Oops...  Just re-read your post.  Don't resize.  As long as it's the right aspect ration, size doesn't matter (as long as it isn't too small).


----------



## KmH (Jul 10, 2009)

I don't know about the others but Mpix always centers the image so you don't have to add canvas. The image just won't fill a 20x30 sheet as long as you size it to 18x27. Same with the other sizes.

Here is a link to part of Mpix's support pages

However, make a white canvas the size you need say 20x30 and the same resolution as your print. In your case it looks like 300 ppi (by the way dpi is something very different).

Once you have the canvas pull vertical and horizontal guides from the rulers and put them at 1" and 19" and 1.5" and 28.5" respectively.

Under the 'View' tab click on 'Snap to'. Drag the image onto the 20x30 canvas till it 'snaps to' the guide lines.

Save it.


----------



## gatorcruz (Jul 10, 2009)

Hello KMH,

I appreciate your reply but I don;t think it will work.  In repky to your comments:

(MPIX) Mpix automatically centers images but will not fit my needs.  For example, if my file is 20x30 and i want to keep it 20x30, then MPIX will automatically accept the file as a full bleed on a 20x30 print (unlike the 20x30 print with an 18x27 image centered).  The same file would be automatically fit into a 16x20 image with a 13.333"x20" image (no trim on the top and bottom and about a 1.33" trim on the other two sides ... varying greatly from my discribed needs.

(PPI) Woops, sorry .. yea, I meant PPI, not dpi

(Snap to guides) Unless if i am not understanding the function, this will also not work because it will alter the size of my original 20"x30" PSD files.  Once again, I would do NOT want to reduce the size of my original files.  i rather add the appropriate canvas size onto the 20x30 file which will result in a perfect ratio that will meet my aforementioned ratios (A, B and C).  

With your example, for B, I would create a 16x20 Canvas, set the guides with a centered 12x18 then SNAP drag my 20x30 image into the 16x20 canvas which will essentially result in a REDUCED resizing of my image (what i wanted to avoid).  i would get the same results by just reducing the size of my 20x30 300ppi image to 12x18 300ppi then adding a white 16x20 canvas.

but, thank you for the ideas and perhaps my reply better describes what i am looking to do ... Any new ideas / solutions?

Thank you



KmH said:


> I don't know about the others but Mpix always centers the image so you don't have to add canvas.
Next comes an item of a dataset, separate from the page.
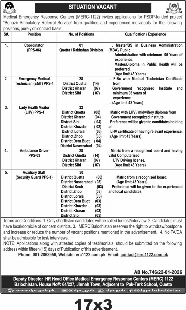This recruitment drive by Medical Emergency Response Centers (MERC) 1122 in Quetta, Balochistan, seeks qualified professionals for the Benazir Ambulatory Referral Service under PSDP funding. The focus is on medical and emergency response roles including coordinators, EMTs, lady health visitors, ambulance drivers, and auxiliary staff.

The image just won't fill a 20x30 sheet as long as you size it to 18x27. Same with the other sizes.
> 
> Here is a link to part of Mpix's support pages
> 
> ...


----------



## KmH (Jul 10, 2009)

You're right, your description didn't work for me.

From rereading your desciption what you are trying to do can't be done the way you are tying to do it because of a difference in aspect ratios. Sorry.

At best, you must add more canvas than you need and crop to the desired, final canvas size.

Regardless of what you believe/feel, reducing the size of your file does not diminsh the image quality if the proper algorithm is used to effect the reduction and 300 ppi is maintained.

I hope you figure it out.


----------



## Dwig (Jul 10, 2009)

In Photoshop its simple; no math required:

1. Access Image/Image Size...
2. Uncheck "Resample"
3. Change the size to desired image size (e.g. 12x18")
4. Access Image/Canvas Size...
5. Change the canvas size to 16x20.

No pixels were harmed in the making of this movie...er...resizing this image!

With "Resample" turned off, all PS will do is change the PPI in the image header. The new PPI will result in the image being a different size in inches. When you do the Resize, your 6000x9000 pixel 20"x30"x300ppi image will become a 6000x9000 pixel 12"x18"x500ppi image. The actual image pixels are not touched in the process; only the EXIF data in the image header is altered.

Whether there is any value in doing it this way is questionable. Downsampling the image so that it is a 12x18x300ppi image will almost certainly result in the same image detail being visible on the actual print. Five years ago or so, printer drivers and RIPs weren't as elegant and printing an image with an odd increment PPI value (not a interger multiple of 300ppi) could sometimes result in lower quality than a lower PPI value that was as multiple of 300.


----------